Joint Commission updates network ethics standards
Joint Commission updates network ethics standards
Revisions ensure a more patient-focused approach.
New ethics standards implemented this year by the Joint Commission on Accreditation of Healthcare Organizations are placing greater emphasis on a patient's right to choose and refuse treatment from a managed care organization.
Specifically, the standards will increase health care networks' responsibility for protecting the rights of their patients to choose, and even refuse, medical treatment; require the network to clearly define and implement a process for appealing and resolving patient plan disagreements; and will hold the network responsible for implementing standards at all levels, including individual practitioner sites.
"When we survey the network, we go out and visit its components, hospital, physician's office, etc. and see how they are implementing the network's requirements on them to have ethical business practices," says Carole Patterson, Joint Commission deputy director and acting director for standards. "Occasionally, we will find components that haven't heard of them yet, in which case the network has a communication problem and will be cited for it."
The 1998-2000 edition of the Comprehensive Accreditation Manual for Health Care Networks contains mostly minor revisions but ones that will, hopefully, reinforce the commission's position that the network must act to protect the integrity of the care it provides to patients, Patterson says.
For example, revisions to the language of standard RI 5.1 clarify that this standard, which requires the network to inform patients of the consequences of refusing a certain medical treatment, will be surveyed at any setting where clinical care is rendered.

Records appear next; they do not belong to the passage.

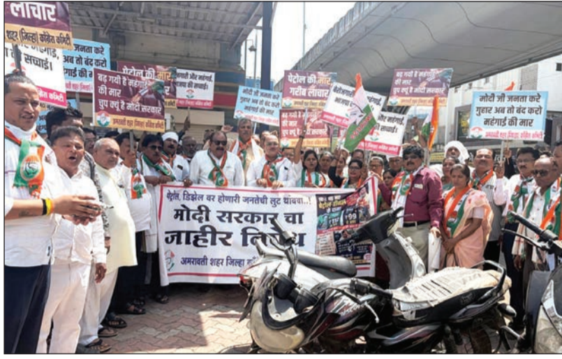
झाली आहे. हे मोदी सरकार शेतकरी, मजूर आणि मध्यमवर्गीयांच्या हालअपेष्टांकडे डोळेझाक करत आहे. केवळ उद्योगपती आणि कॉर्पोरेट मित्रांचे हित सांभाळण्यासाठी जनतेच्या खिशातून लूट चालवली जात आहे. ही अन्यायकारक, जनविरोधी आणि

अमरावती: केंद्रातील नरेंद्र मोदी यांच्या भाजप सरकारने केवळ गेल्या चार दिवसांत पेट्रोल आणि डिझेलच्या दरात तब्बल ८ रुपयांची भयंकर वाढ केली आहे. ही वाढ ही सर्वसामान्य जनतेची सरळसरळ आर्थिक लूट असून, महागाईच्या आगीत जनतेला जिवंत जाळण्याची मोदी सरकारची कुटील नीती आहे. मागील आठवड्यात इंधनाच्या किंमतीमध्ये झालेल्या प्रचंड वाढीमुळे राज्यभर महागाईचा भडका उडाला आहे. शहरांमध्ये तर ग्रामीण भागातही पेट्रोल आणि डिझेलची तीव्र टंचाई निर्माण झाली आहे. पेट्रोल पंपांवर लांबच लांब रंगा लागल्या आहेत. शहरातील नागरिकांना रोजच्या कामधंद्यासाठी इंधन मिळत नसल्याने अत्यंत कठीण परिस्थिती निर्माण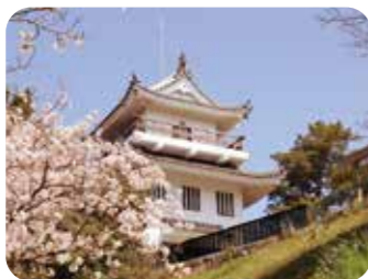
MAP A C-1

☎0569-34-8888 (常滑市观光广场) 地址:常滑市金山宇城山内 营业时间:观景台/9点~17点※11月~2月截止至16点 交通:从免费社区巴士Grüün“城山公会堂”站下车步行7分钟 停车场:100个车位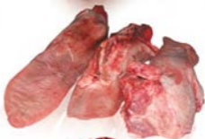
Limbă proaspătă Pork tongue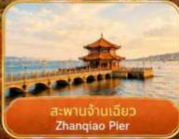
สะพานจันเจียว Zhanqiao Pier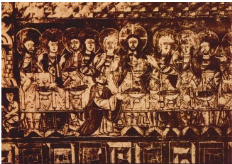
San Andrés. Pintura antes de ser arrancada. La Última Cena

HOJA DIOCESANA DE OSMÁ-SORIA • DELEGACIÓN DE M.C.S. • AÑO XX - NÚM 428 • 16-30 ABRIL 2011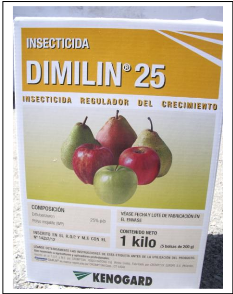
19.9 Diflubenzuró pols mullable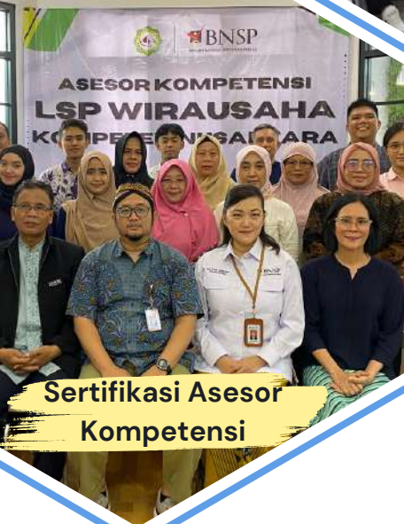
Sertifikasi Asesor Kompetensi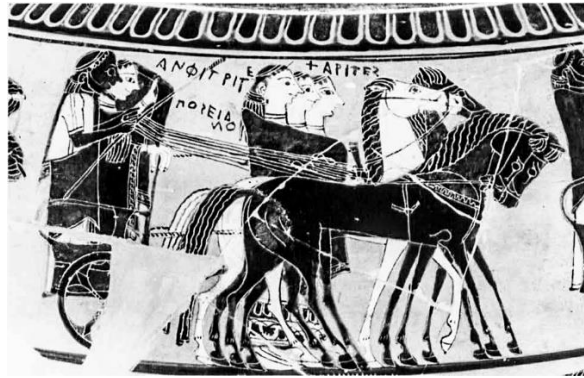
Resim 4 : Sophilos'un Dinosu ve Kharitler (MÖ 580 civarı), Londra British Müzesi (Williams 1983: Fig. 30).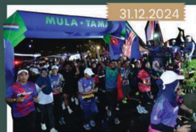
"JB Neon Recreational Night" & Sambutan Ulang Tahun ke-31 MBBJ di Dataran Bandaraya Johor Bahru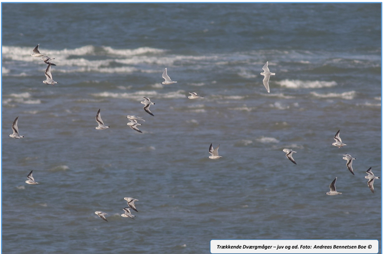
Trækkende Dværgmåger – juv og ad.

Den 2/11 var en helt igennem meget stor trækdag, og ud over Dværgmåger sås mere end 500 alkefugle, 343 Rider, 300 Rødstrubet Lom og 70 Kaspiske Måger.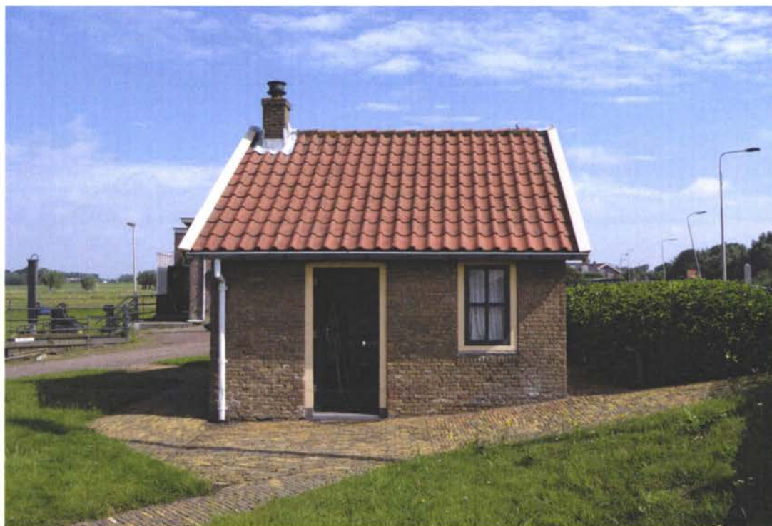
Overzichtsfoto linker zijgevel.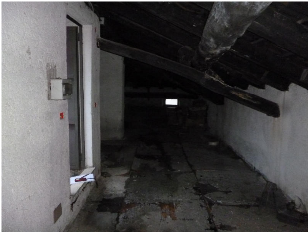
FOTO 10 – Sottotetto Sub. 10: interno, a sinistra porta di accesso al terrazzo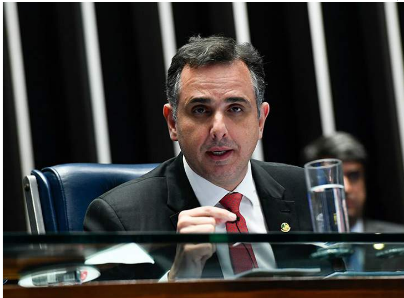
A descriminalização pautada pelo STF e rechaçada por Pacheco diz respeito ao uso pessoal da planta

O presidente do Senado afirmou também que o STF não pode tomar uma decisão contrária a uma lei vigente, que uma eventual descriminalização pelo Supremo sem discussão no Congresso Nacional e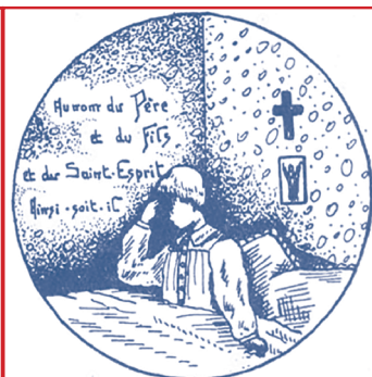
3- Le premier geste

The 1996 manual only required evaluation at the network or component level.
(See chart, p. 106, which summarizes the Joint Commission's network ethics standards and the network levels at which they will be surveyed.)

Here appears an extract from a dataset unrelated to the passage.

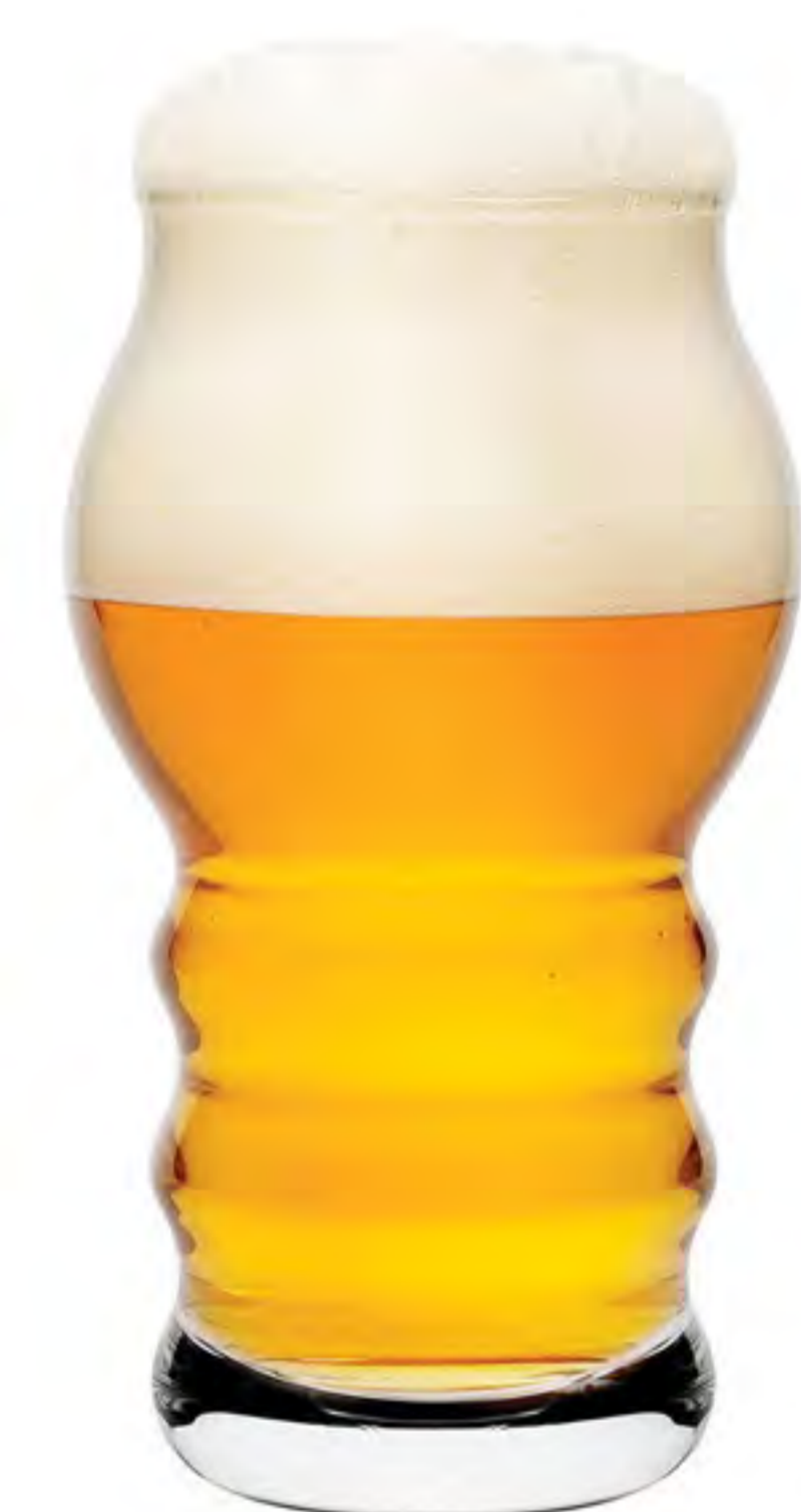
P-420685 430cc 卡拉夫啤酒杯 H: 153mm φ: 73mm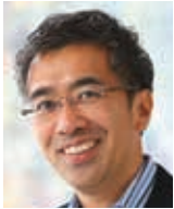
慶應義塾大学 大学院政策・メディア研究科 教授 蟹江 憲史氏

Another revision to RI 1.3 mandates that network clinical sites and practitioners must provide patients with sufficient information to enable their knowledgeable involvement in clinical decision making.
In other changes, standard RI 1.2 has been revised to include detailed information on the network's responsibility to resolve disagreements between the network and members, including information on members' rights to appeal network decisions.

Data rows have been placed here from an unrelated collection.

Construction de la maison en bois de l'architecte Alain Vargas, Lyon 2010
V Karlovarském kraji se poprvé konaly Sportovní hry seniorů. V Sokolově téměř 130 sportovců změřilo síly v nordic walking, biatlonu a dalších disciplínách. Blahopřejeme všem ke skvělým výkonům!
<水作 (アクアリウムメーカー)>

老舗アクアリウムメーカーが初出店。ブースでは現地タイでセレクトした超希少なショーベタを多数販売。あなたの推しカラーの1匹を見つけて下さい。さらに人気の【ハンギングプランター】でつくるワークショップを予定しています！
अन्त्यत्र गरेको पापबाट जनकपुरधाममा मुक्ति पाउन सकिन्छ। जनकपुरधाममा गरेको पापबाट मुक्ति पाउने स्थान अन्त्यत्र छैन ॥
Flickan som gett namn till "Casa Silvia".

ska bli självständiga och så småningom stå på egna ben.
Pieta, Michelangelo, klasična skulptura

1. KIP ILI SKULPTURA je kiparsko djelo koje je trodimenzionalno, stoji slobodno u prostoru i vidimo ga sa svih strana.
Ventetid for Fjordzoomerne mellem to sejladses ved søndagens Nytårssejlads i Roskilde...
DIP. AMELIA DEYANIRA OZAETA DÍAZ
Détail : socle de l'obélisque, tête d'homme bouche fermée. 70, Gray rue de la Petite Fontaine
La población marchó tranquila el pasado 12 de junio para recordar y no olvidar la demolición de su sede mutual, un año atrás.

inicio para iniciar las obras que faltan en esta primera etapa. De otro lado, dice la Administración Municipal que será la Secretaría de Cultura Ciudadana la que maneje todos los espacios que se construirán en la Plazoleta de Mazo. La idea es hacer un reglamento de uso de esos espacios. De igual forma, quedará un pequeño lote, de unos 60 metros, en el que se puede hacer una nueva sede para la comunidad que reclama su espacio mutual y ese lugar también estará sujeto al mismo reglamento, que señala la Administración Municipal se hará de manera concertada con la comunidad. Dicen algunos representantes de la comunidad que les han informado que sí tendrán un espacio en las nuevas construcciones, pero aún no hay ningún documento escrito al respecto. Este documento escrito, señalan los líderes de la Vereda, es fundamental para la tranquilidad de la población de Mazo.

The network must, specifically, implement a plan for educating members about how to apply for reconsideration of care. An additional bullet to the statement of intent for RI 1.2 now also requires the network to inform patients of their right to refuse treatment.
The revised standards went into effect July 1, 1998, says Patterson. Any network surveyed between July 1, 1998 and July 1, 2000, should follow the standards as outlined in this manual, unless it is announced otherwise in Joint Commission Perspectives, the Joint Commission's official bimonthly newsletter to administrators and chief executives.
One network standard has also made its way into the Joint Commissions' manuals for other health care organizations, notes Patterson: "The standard concerning the integrity of clinical decision making, making sure your physicians are acting in the best interest of the patient (standard RI 1.1). This is known as the 'anti-gag rule standard'. It was originally developed for the network manual, but it was decided that it should be placed in the other manuals as well. Now, it is in all of them."